For strong, vigorous, floriferous plants in bloom by July, sow seed of sweet pea as soon as possible. Use a fresh, good-quality seed, pre-chitting it by gently wrapping within a few layers of damp kitchen paper in a clear plastic lidded container placed in a cool, bright, frost-free spot until it sprouts. Then very gently sow the chitted seed shallowly into deep root trainers filled with a good quality seed compost and place the latter in a cool, bright, frost-free spot to grow on, for planting in the garden in late April.

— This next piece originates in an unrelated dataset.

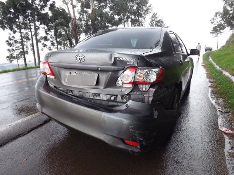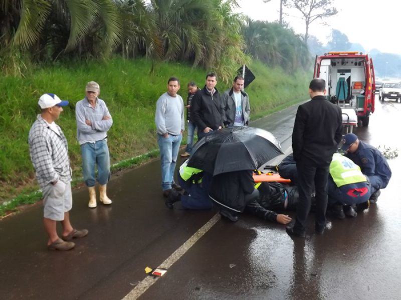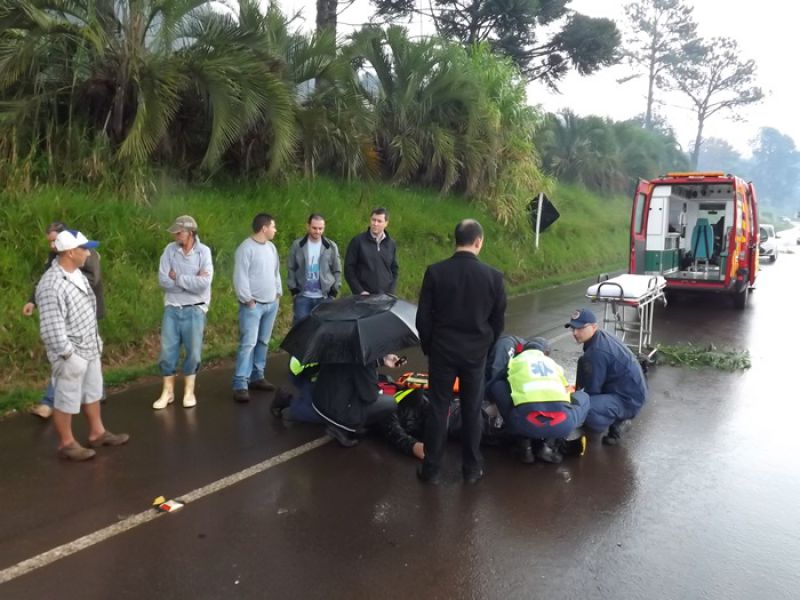21/05/2014 Uma colisão envolvendo moto e dois carros foi registrada na manhã desta quarta-feira na BR-282 em Joaçaba, próximo ao trevo de acesso ao Distrito Industrial. O acidente foi por volta das 9h. A pista estava molhada. Os veículos faziam sentido Catanduvas/Joaçaba. Segundo informações uma caminhonete teria freado repentinamente. Na sequência estava um Toyota Corolla placas de Cunha Porã/SC. Na traseira dele bateu uma moto Honda placa de Concórdia/SC, usada para frete. O condutor de um Logan placas de São José dos Pinhais/PR não conseguiu segurar e arrastou a moto por alguns metros. O motorista do carro do Paraná disse que tentou desviar jogando o carro no barranco, mas não foi possível. O motociclista ficou caído no meio da pista. Ele foi atendido pelo Corpo de Bombeiros. Ele foi imobilizado e conduzido ao Hospital Universitário Santa Terezinha com escoriações e suspeita de fratura na perna esquerda. Os demais envolvidos não se feriram. A Polícia Rodoviária Federal fez o levantamento das informações para tentar apurar as causas do acidente.

For strong, vigorous, floriferous plants in bloom by July, sow seed of sweet pea as soon as possible. Photograph: iStock
For strong, vigorous, floriferous plants in bloom by July, sow seed of sweet pea as soon as possible. Photograph: iStock

Start prepping summer containers

Even the most tasteful of gardens benefits from some summer dazzle in the shape of colourful summer container displays. If your pots are currently filled with spring-flowering bedding and bulbs, then you can still get a head start on prepping the tubers and bulbs of dahlias, lilies, gladioli, cannas, arum lilies, and tuberous begonias by potting these up into 2- or 3-litre plastic pots using a good quality John Innes-type compost. Place the pots in a bright, frost-free spot under cover – a sunny porch, conservatory, glasshouse or polytunnel are all suitable – taking care not to overwater. By the time your spring displays are ready to be evicted from their containers, you’ll have the perfect replacements waiting in the wings.

Sow flowering annuals

If you have sufficient bright, frost-free growing space under cover, start sowing seed of hardy and half-hardy flowering annuals this month for pricking out into modules or individual pots and then planting outdoors in early summer. For best results, use a really good-quality seed-compost (my favourite is Klasmann, available from fruithillfarm.com and quickcrop.ie) and a heated propagator. Recommended Irish seed suppliers include seedaholic.com and all good garden centres, while recommended types to sow between mid-March and mid-April include larkspur, corncockle, opium poppy, cornflowers, nicotiana, tagetes, amaranthus, cosmos, and rudbeckia.

Plant garlic and onions

Early spring is traditionally the time to plant garlic and onions into a sunny, sheltered spot with fertile, weed-free, friable soil that hasn’t been recently manured. But if ground conditions are too wet, you can still get a valuable headstart by planting the individual onion bulbs and garlic cloves into modules for transplanting into their final positions once conditions improve. Recommended varieties include Stuttgart, Sturon (onions) and Vallelado, Therador (garlic).

This week in the garden

Give winter-chilled compost heaps a reboot by vigorously turning over the material with a pitchfork. If it smells sour and looks wet and slimy, add a generous layer of browns in the shape of shredded cardboard, straw, woodchip or shredded paper. Compost heaps should also be covered to protect against the chilling, leaching effects of heavy rain.

This is a great time of year for kitchen gardeners to plot out annual crops on paper to help minimise the risk of pests and diseases. For the purposes of crop rotation, vegetables can be divided into the following five groups: brassicas, root vegetables, legumes, onions and potatoes.

Dates for your diary

Talks at the National Botanic Gardens Visitor Centre, Glasnevin, Dublin 9; Saturday, March 21st. Raw Gardening: Working with Nature in Your Garden, by Vicky Ind of the Individual Plants Nursery, on behalf of the Irish Garden Plant Society, at 11.30am, followed by RHSI Live with Oliver Schurmann of Mount Venus Nursery at 2.30pm. botanicgardens.ie.

RHSI Bellefield Plant Fair Shinrone, Co Offaly; Sunday, March 22nd (11am-4pm). With stalls from many of Ireland’s best independent plant nurseries and plant growers, see rhsi.ie.